(En Instagram: @lucasjunes) Camina entre nosotros, pero no es como cualquiera de nosotros. Imagina las calurosas noches de Posadas a principios de los 2000, donde un joven de mente brillante y sangre fría comenzaba a tejer su propia leyenda oscura. Se llama Bertoldo Roberto Neumann, pero todos lo conocían como «Polaco». Inteligente, calculador y con un don natural para planificar.
No provenía de la miseria, sino de una familia normal de clase media. Sin embargo, algo en él se torció. Las armas del mercado negro lo fascinaban y el robo era solo el primer escalón hacia algo mucho más siniestro.

Todo empezó a desatarse una noche de finales de febrero del año 2003. Junto a su compañero Kevin Escalada, Polaco planeó un aparentemente sencillo en una dependencia del Instituto de Previsión Social, sobre la calle Córdoba. El sereno de turno, Alfonso Loreto Pintos Cardozo, un hombre de 27 años conocido como Pablito, se interpuso en su camino.
No hubo piedad. Tres disparos a quemarropa con una pistola calibre 11.25, provista de silenciador, acabaron con su vida. Dos en el pecho y uno de gracia en la cabeza.
Las computadoras robadas terminaron en el hotel (sobre la avenida Roque Sáenz Peña) donde vivía Neumann, y el primer asesinato quedó sepultado en el silencio de la noche. Pero Polaco no se detuvo ahí. Cuatro meses después, en la noche del 19 de junio de 2003, su oscuridad alcanzó un nivel inimaginable.
Por entonces mantenía una relación apasionada y tóxica con la escribana Adriana García, quien estaba en plena separación de su marido, el abogado Guillermo José Valdés, un profesional respetado, apoderado de importantes entidades financieras y padre de tres hijos. Esa tarde, Adriana citó a su ex a la escribanía de la calle La Rioja con la excusa de hablar sobre bienes gananciales y la cuota alimentaria. Era una trampa mortal.
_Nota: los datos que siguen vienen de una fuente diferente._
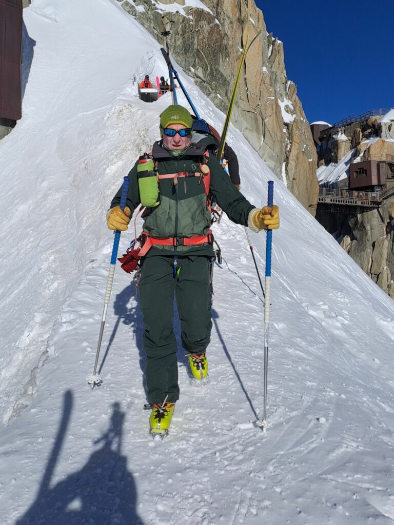 Réveil 5h30 pour être à l’heure à Chamonix et retrouver Yuji. Nous prenons les billets pour être dans la première benne de 7h30 où se trouvent à la fois des skieurs pour le Mont Blanc et des alpinistes pour des voies qui sont nombreuses dans le secteur.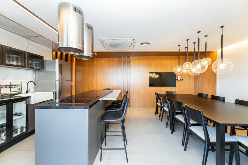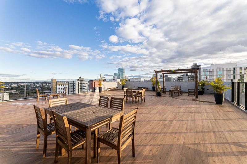 Área  social  possui  Salão de  Festas, Espaço  Gourmet,  Rooftop, Lavanderia, New Pub, Estética (I  e  II ), Home Office,  Bicicletário  e  academia.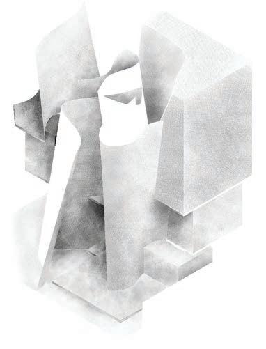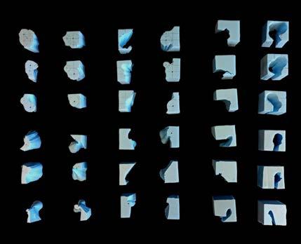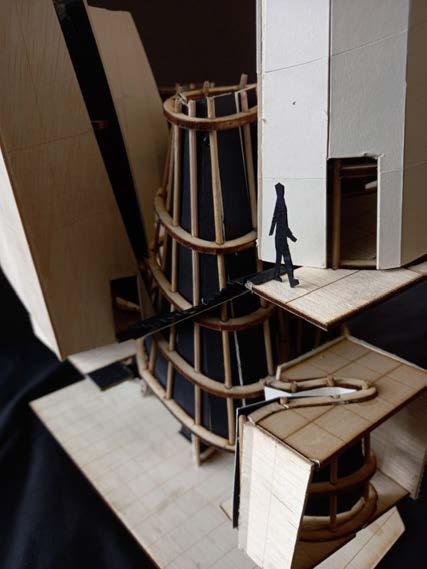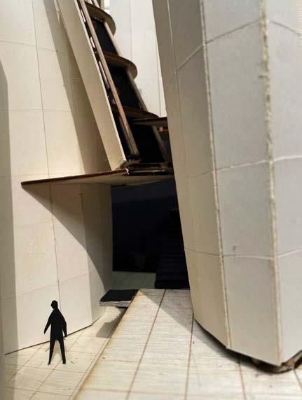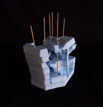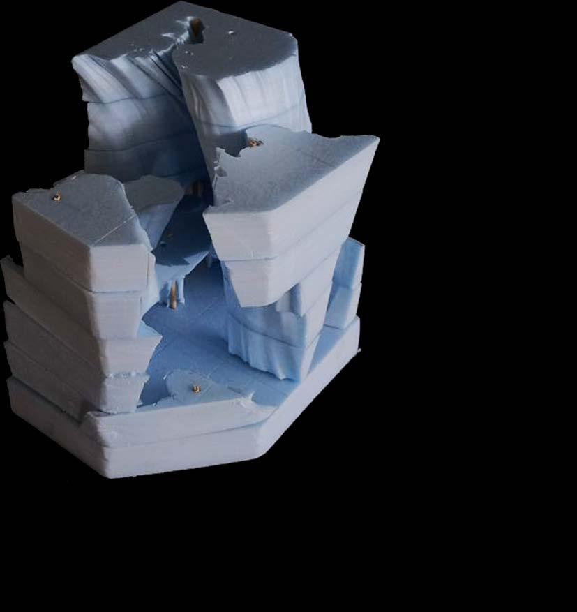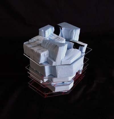 UP TO THIS POINT, EACH MODULE HAS BEEN ASSIGNED A PROGRAMME USING THE MATRIX. MOREOVER, SITE HAS BEEN ANALYSED AND DATUMS HAVE BEEN EXTABLISHED ACROSS HEIGHT. THUS, THE MODULES CAN BE COORDINATED ON SITE AND COMBINED AT THEIR RESPECTIVE POSITIONS. SEVERAL ITERATIONS OF THE RESULTING STEREOTOMIC MASSINGS WERE CREATED THROUGHOUT THE DESIGN PROCESS. EACH EVOLUTION GAVE INSIGHT AND CLARITY TO THE BASE CONCEPT, REVEALING BLINDSPOTS AND OPPORTUNITIES IN THE DESIGN.

Mientras las secretarias se retiraban alrededor de las 20 horas, Polaco y su amigo Jorge Alberto «Mosquito» Ramírez esperaban ocultos en el interior, acechando como depredadores. Cuando Valdés entró, confiado, todo se desató con una ferocidad brutal. Primero las puñaladas, luego los cinco disparos mudos de la misma pistola.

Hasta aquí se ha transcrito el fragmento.